YOUR ASSIGNMENT >> In the records below, repeat exactly the lines between the line holding "Порно комикс Мама." and the line holding "Koupelna se sprchovým", inclusive, and drop the pictures.
++++
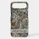 Customize this forest branches camouflage iPhone 17 air case with your name in a trendy modern CAP font in gray on opaque cream. It's masculine and perfect for your favorite military, hunting, country or outdoorsman!
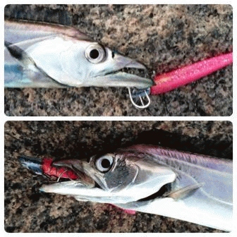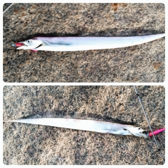 その10分後、目の前に潮目ができてきたので潮目を越してマナティを投入して10カウント後にシャクリ始め、5シャクリ目で来ました!2匹目ゲットです!
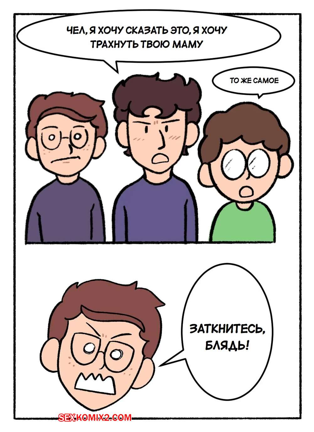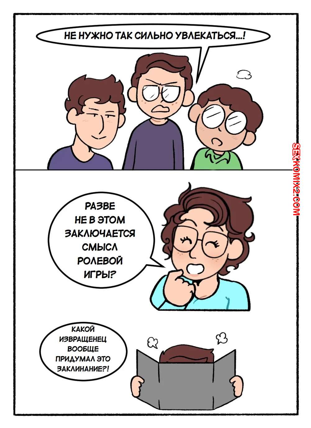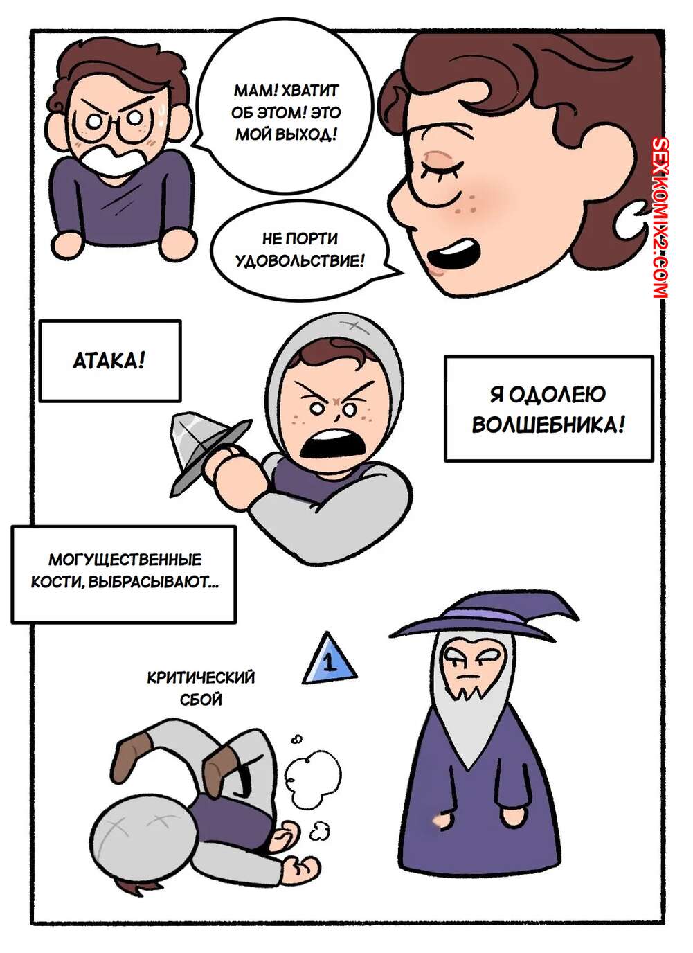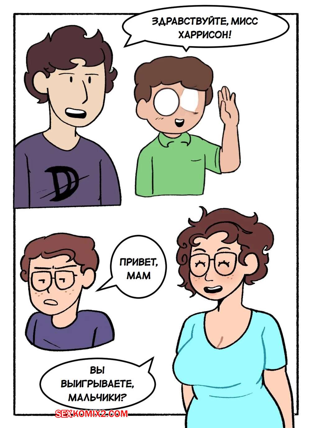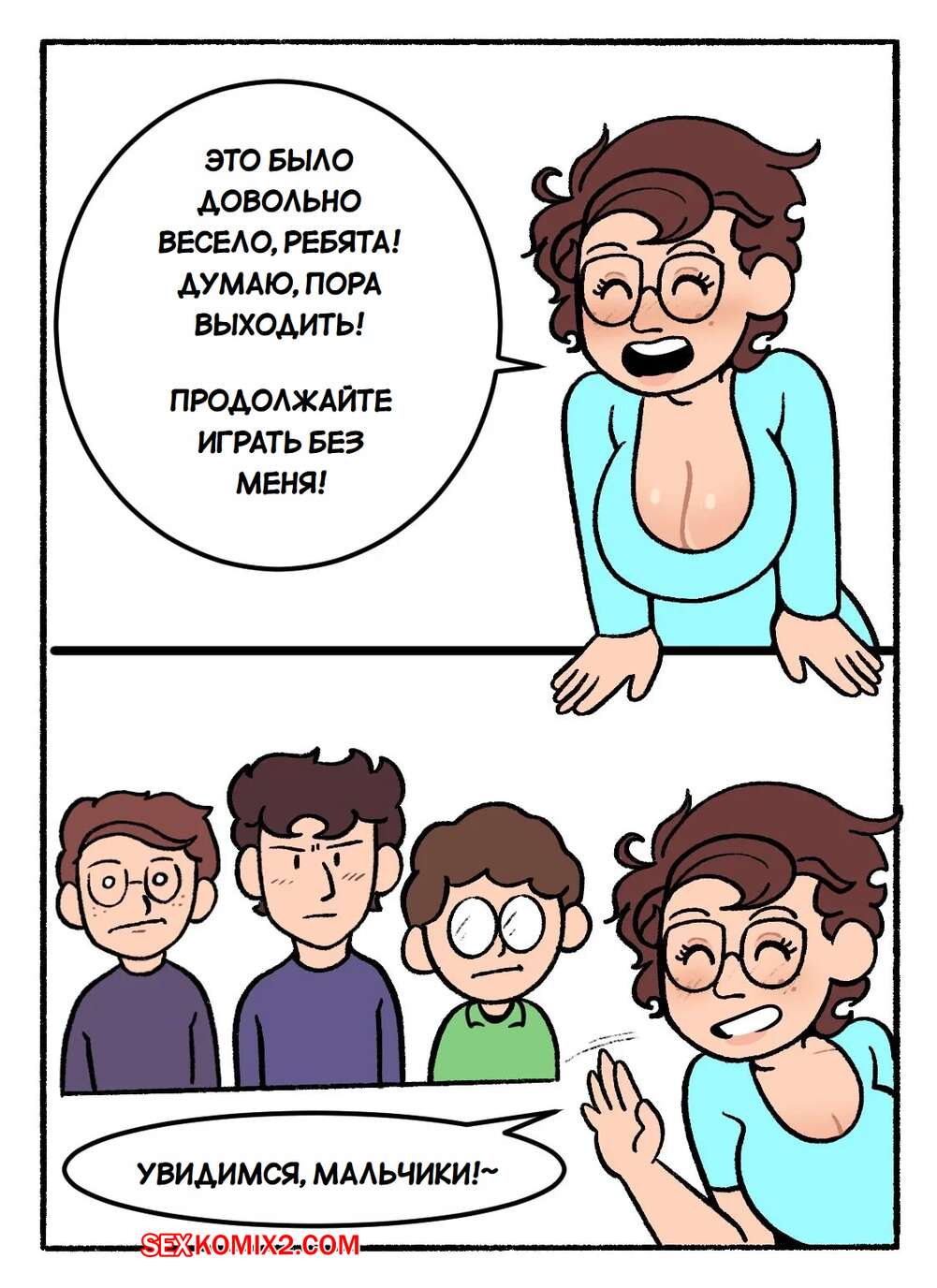 Порно комикс Мама. Не прерывай нашу кампанию DnD. Часть 1. DeadEndDraws Парень пригласил своих друзей, чтобы поиграть в DnD. Они увлеклись игрой, но им помешала мамка парня, которая решила повеселиться с сыном и его друзьями. Милфа разделась и возбудила парней своим телом, после чего стала сосать их члены.
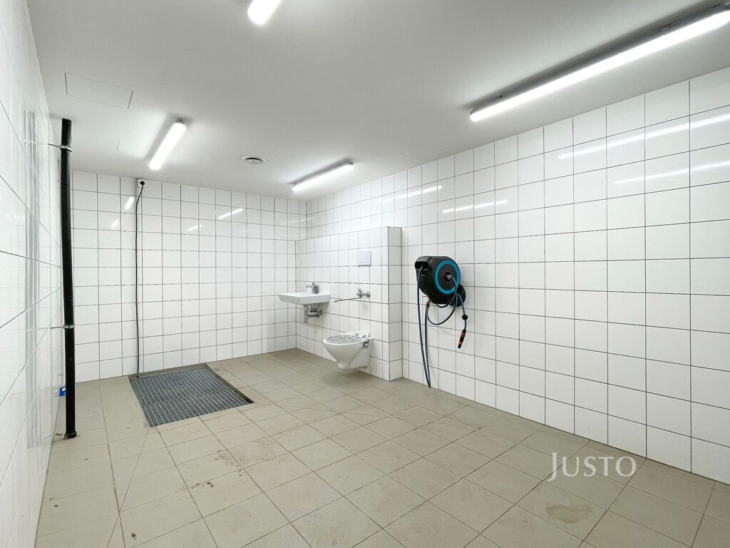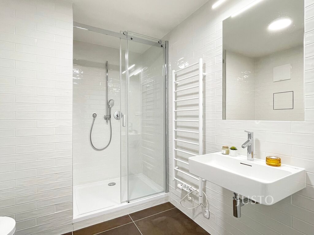 Koupelna se sprchovým koutem, toaletou a umyvadlem disponuje i dostatečným místem pro pračku a sušičku. Samostatná komora v bytě poskytuje další úložný prostor. Vstup do bytu od obývací a spací části oddělují posuvné prosklené dveře.
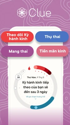 Với Clue, bạn sẽ khám phá những bí mật của chu kỳ cá nhân mình. Ứng dụng cung cấp dự đoán chính xác về kỳ kinh nguyệt và cửa sổ thụ thai, giúp bạn dễ dàng lên kế hoạch cho cuộc sống và mục tiêu gia đình. Khả năng ghi nhận hơn 200 biểu hiện liên quan đến chu kỳ – từ tâm trạng, mức năng lượng đến cảm giác thèm ăn hay những cơn đau – cho phép bạn nhận diện các khuôn mẫu độc đáo của cơ thể. Những phân tích chuyên sâu và nội dung khoa học đáng tin cậy giúp bạn từ bỏ những phỏng đoán, trở thành chuyên gia am hiểu nhất về chính mình.
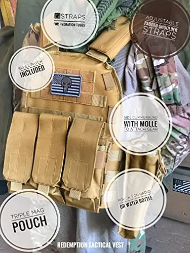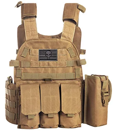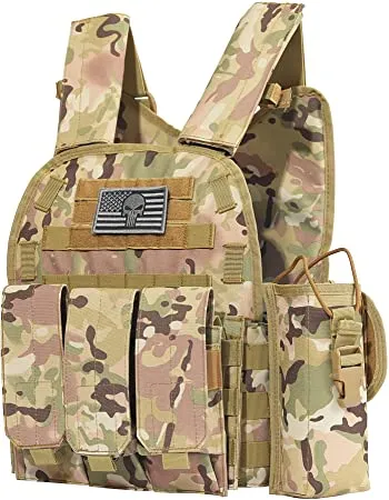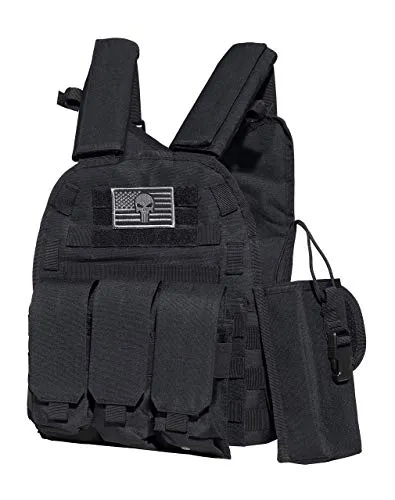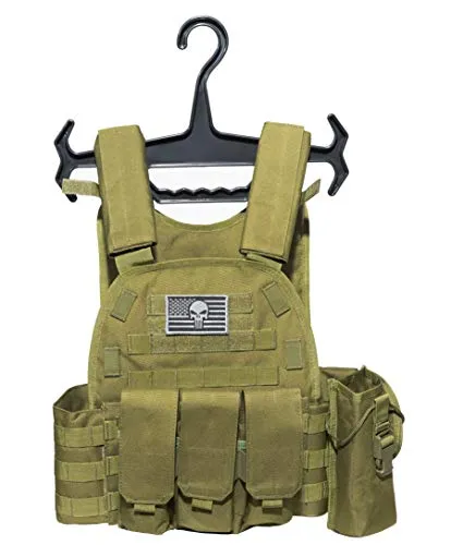 Our “Sentry 2.0” Plate Carrier Tactical vest is perfect for airsoft games, larping or a tactical training vest. Comes with a Skull Hook and Loop US flag patch.
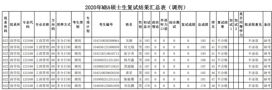 2020MBA研究生調(diào)劑復(fù)試結(jié)果匯總表
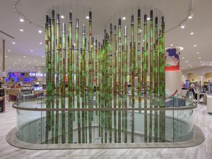 Aynı sanatçının ikinci enstalasyonu “Bamboo”, şansı, sevgiyi, mutluluğu, sağlığı ve bereketi sembolize eden doğal renkleriyle mağazanın tavanından alt kata süzülerek sonsuzluğu işaret ediyor. Her iki enstalasyonun toplamda 2900 adet atık cam şişenin dönüştürülmesiyle oluşturulması eserlerin sanatsal boyutunun yanı sıra geri dönüşüm sanatına olan saygıyı temsil ediyor.
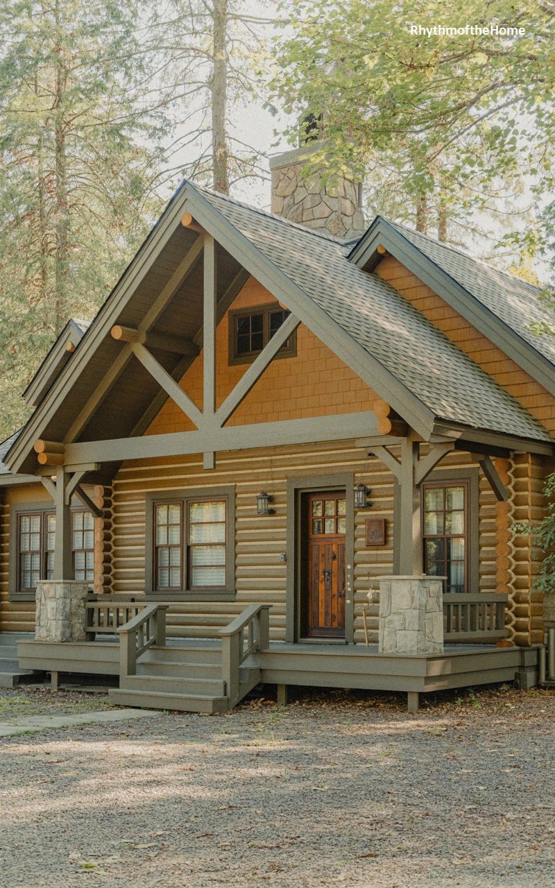 Embracing a rustic aesthetic, this home is constructed with golden-hued logs and matching shake siding in the gables. The design features a complex roofline with steep gables and decorative timber trusses that emphasize the lodge style. Stone pedestals support the dark timber porch columns, grounding the structure to the earth. The windows are framed in a dark bronze or brown, harmonizing with the wood tones. A shingled roof and a small gabled portico over the entrance add to the cozy, mountain-retreat atmosphere. It’s a sturdy, warm home designed to blend with a forest environment.
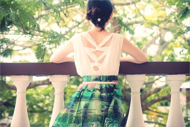 Polka dots, feminine and fun at the same time. I am glad I snapped up this darling dress during the Pazzo half-price bonanza last year. The lovely back detail sealed the deal for me and frankly, this can be worn at any occasion, be it a formal dinner or a shopping trip with girlfriends. With all the sombre monochromatic backdrop of my piano room, I'm pairing it with red nails and my red Cambridge satchel for a splash of colour.
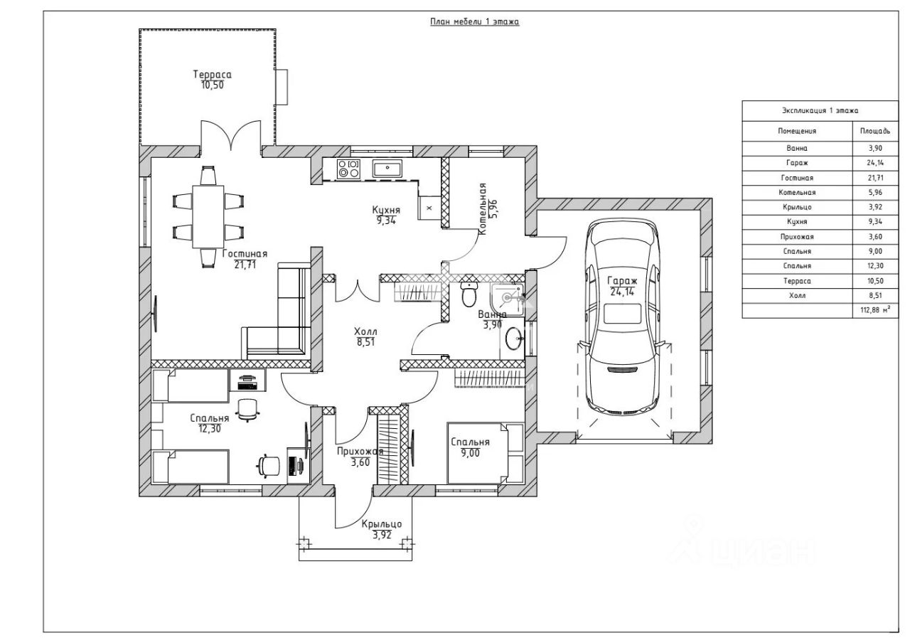 Общая площадь 120 кв.м. Удобная планировка : спальня 12,1 м кв, детская 9 м кв, зал- гостиная 21 м кв, кухня 12 кв.м, тех помещение - бойлерная 5.5 кв.м. В доме есть гаражное ромещение 24,5 м.кв
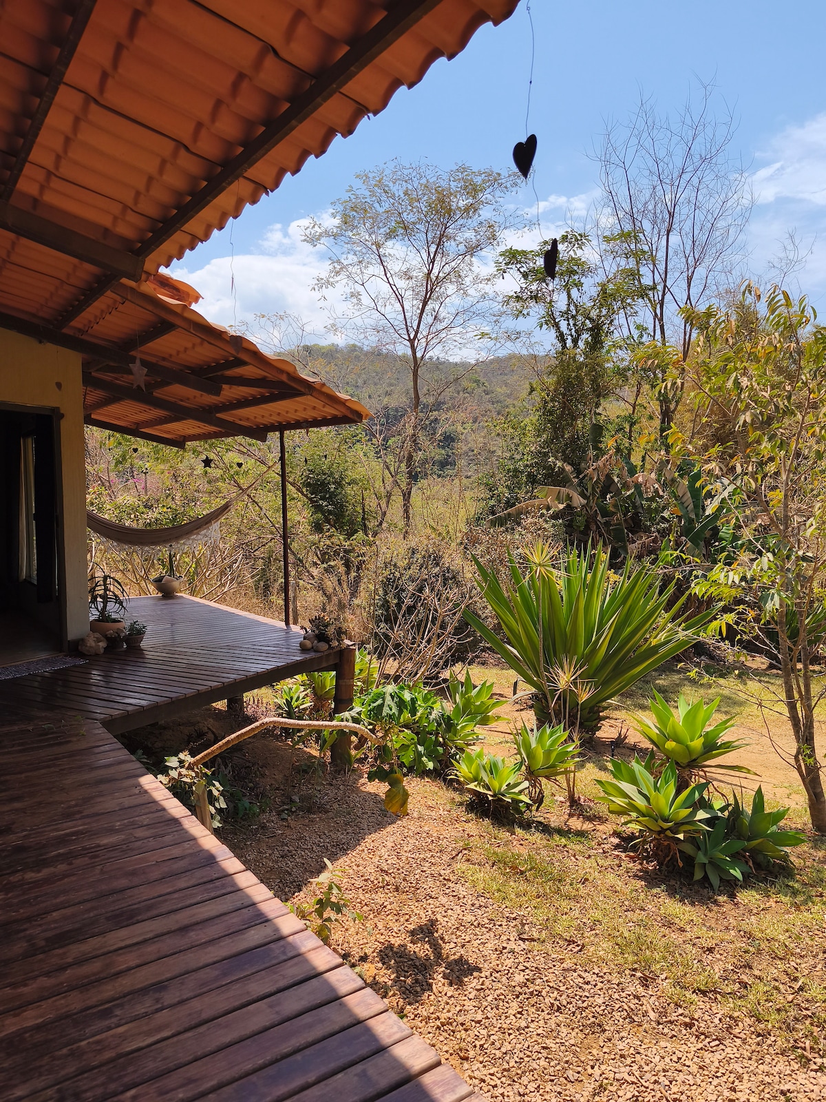 Chalet i hjertet af Chapada dos Veadeiros. Frodig udsigt over naturen og solnedgangen. Vilde dyr ses ofte: tukaner, araer, krybdyr, papegøjer og forskellige andre fugle. Chalet i schweizisk stil, queensize seng og balkon med hængekøje på hemsen, i stueetagen 2 enkeltsenge/sofa, badeværelse og udstyret køkken. Vindeltrappe, der kræver forsigtighed, er ikke egnet til personer med nedsat mobilitet. Børn under 10 år er ikke tilladt. Overhold venligst reglerne for kæledyr og LÆS OM WIFI.
++++
EXERCISE SOLUTION >>
 Порно комикс Мама. Не прерывай нашу кампанию DnD. Часть 1. DeadEndDraws Парень пригласил своих друзей, чтобы поиграть в DnD. Они увлеклись игрой, но им помешала мамка парня, которая решила повеселиться с сыном и его друзьями. Милфа разделась и возбудила парней своим телом, после чего стала сосать их члены.
 Koupelna se sprchovým koutem, toaletou a umyvadlem disponuje i dostatečným místem pro pračku a sušičku. Samostatná komora v bytě poskytuje další úložný prostor. Vstup do bytu od obývací a spací části oddělují posuvné prosklené dveře.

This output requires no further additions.